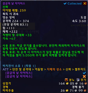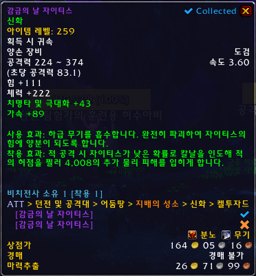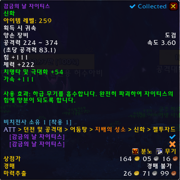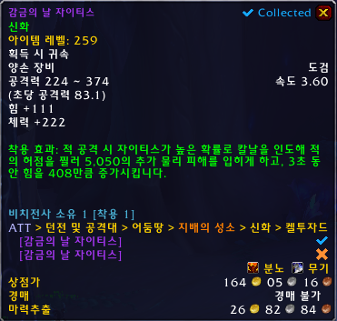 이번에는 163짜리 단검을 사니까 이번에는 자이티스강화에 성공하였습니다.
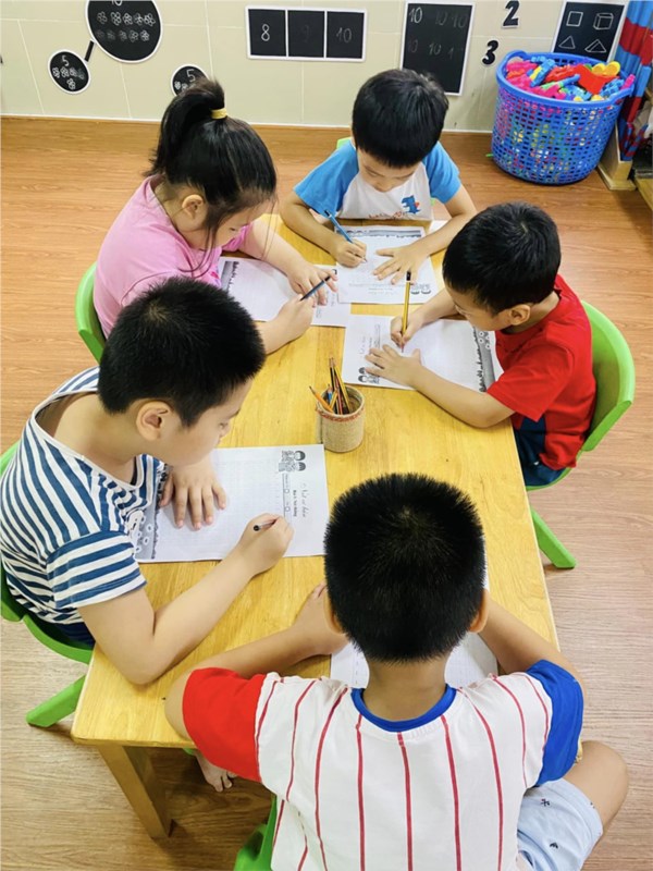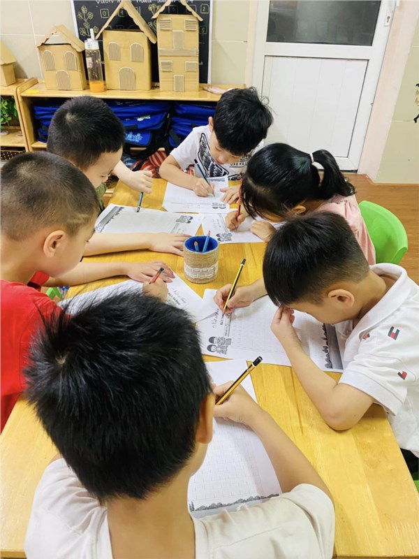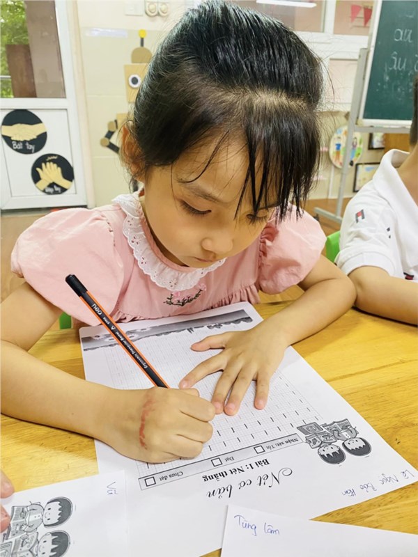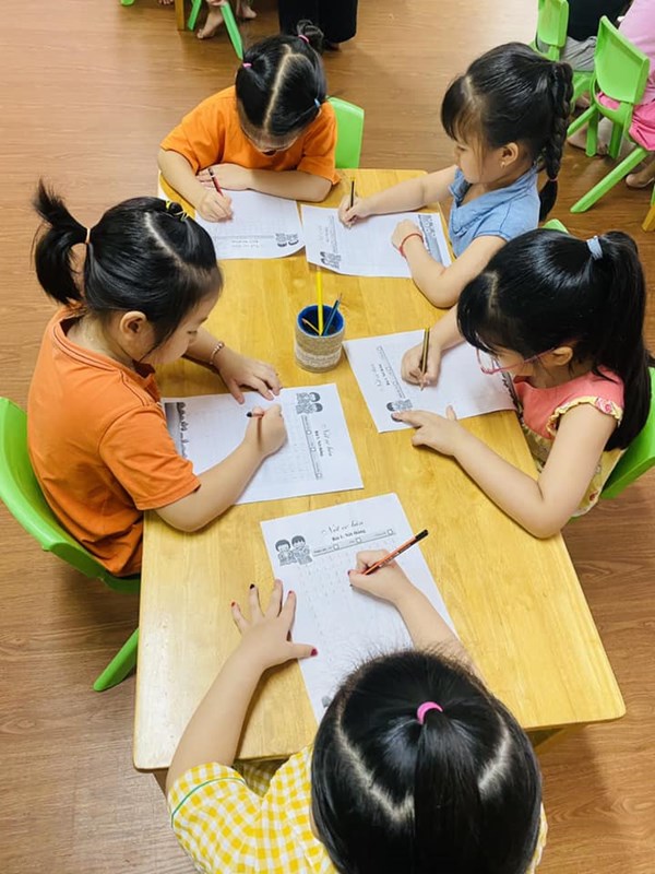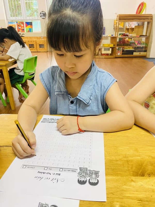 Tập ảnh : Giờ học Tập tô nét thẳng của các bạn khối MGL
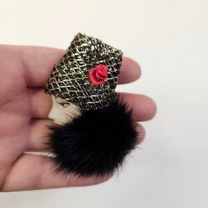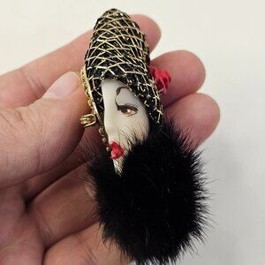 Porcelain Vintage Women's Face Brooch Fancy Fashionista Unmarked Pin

→ **What to produce**
Each line from the line containing "Tập ảnh : Giờ" through the final line of the data above must be retyped exactly; nothing else, and no pictures, may appear.

→ **Task solution**
 Tập ảnh : Giờ học Tập tô nét thẳng của các bạn khối MGL
 Porcelain Vintage Women's Face Brooch Fancy Fashionista Unmarked Pin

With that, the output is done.